Abstract
Raltegravir, an integrase inhibitor, is not a component of the current South African antiretroviral treatment guidelines, but it could be introduced in the near future as cases of virological failures from current treatment regimens begin to occur. The aim of this study was to analyze the complete HIV integrase gene obtained from individuals at two treatment sites in northeastern South Africa for the presence of Raltegravir associated drug resistant mutations and viral subtypes based on the integrase gene. Examination for mutations against other integrase inhibitors, such as Elvitegravir and Dolutegravir, was also done. Viruses from 127 treatment naive individuals were analyzed. Genetic drug resistance mutations were determined using the Stanford HIV Drug Resistance Interpretation program and the International AIDS society-USA guidelines.

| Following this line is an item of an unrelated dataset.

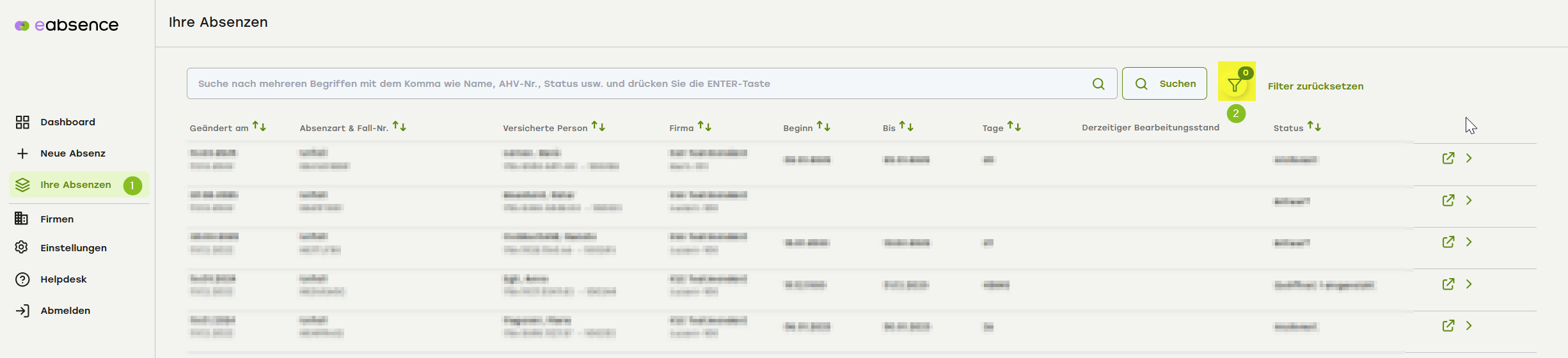 Filtern in «Alle Absenzen»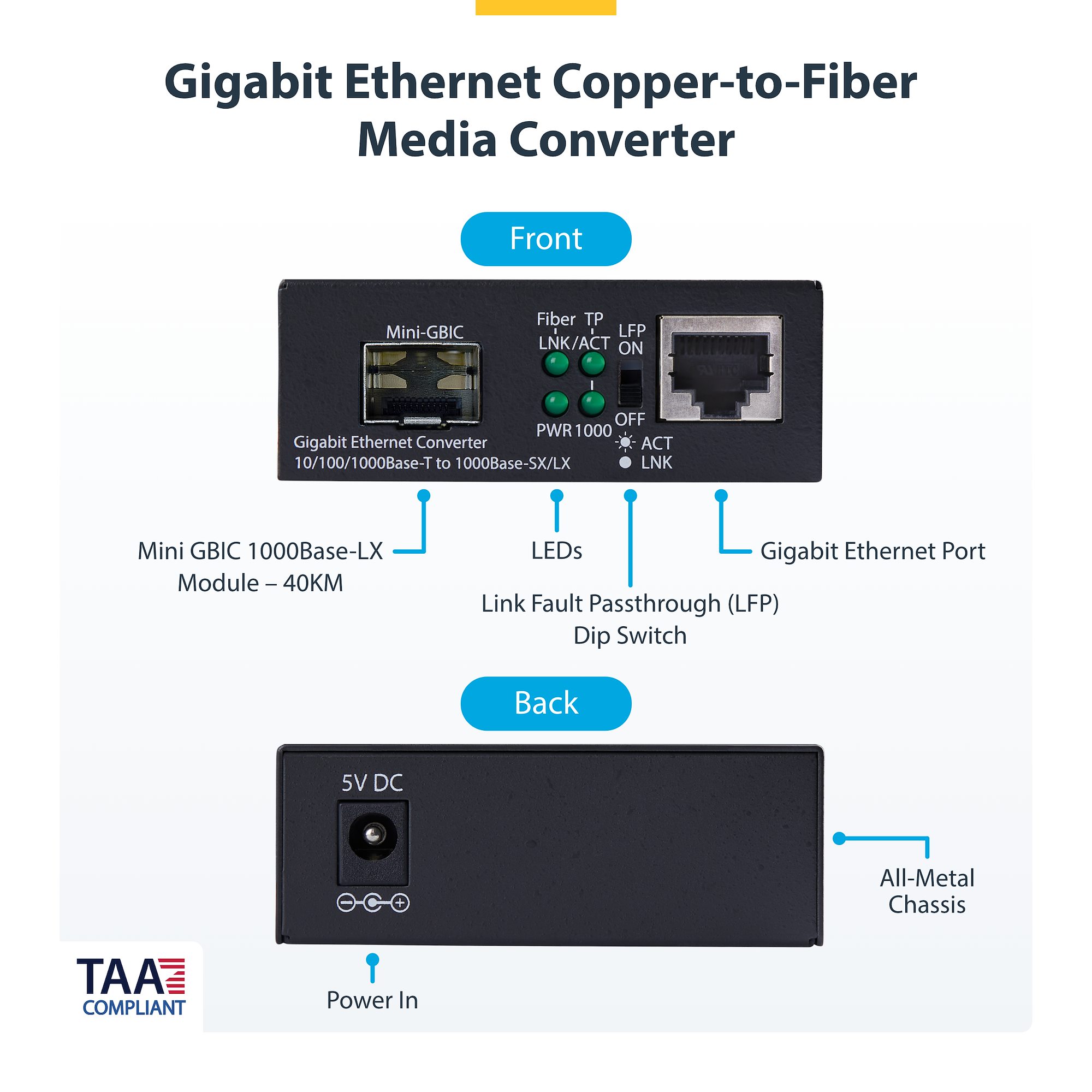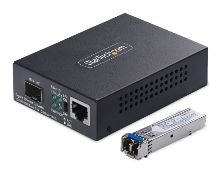 StarTech Gigabit Ethernet Copper-to-Fiber Media Converter - Extend Single-Mode LC Fiber up to 40KM - 10/100/1000 Mbps - RJ45 to LC - Full Metal Chassis - 9K Jumbo Frames - TAA Compliant (MCM1110SMLC40)

Viral subtyping was done by phylogenetic analysis, and recombinants were determined using the REGA, jpHMM and RIP tools. No major resistance mutations were detected. However, 7% of the sequences had minor mutations and polymorphisms. The majority (99%) of the viruses were HIV-1 C. Recombination analysis showed that the polymerase gene of one virus was likely composed of HIV-1 subtype A1 and C sequences. The present study indicates that Raltegravir, Elvitegravir and Dolutegravir resistant mutations may be absent in the study communities and further indicates the presence of recombinant viruses in northeastern South Africa.
Highlights
The use of antiretrovirals (ARV) inevitably leads to the emergence of resistant viruses and subsequent treatment failure
Integrase catalyzes the chromosomal integration of newly synthesized double-stranded DNA into the host genomic DNA. It plays a role in stabilizing a pre-integration complex (PIC), which consists of the 3'-end processed genome, and one or more cellular co-factors involved in nuclear transfer of the PIC [2]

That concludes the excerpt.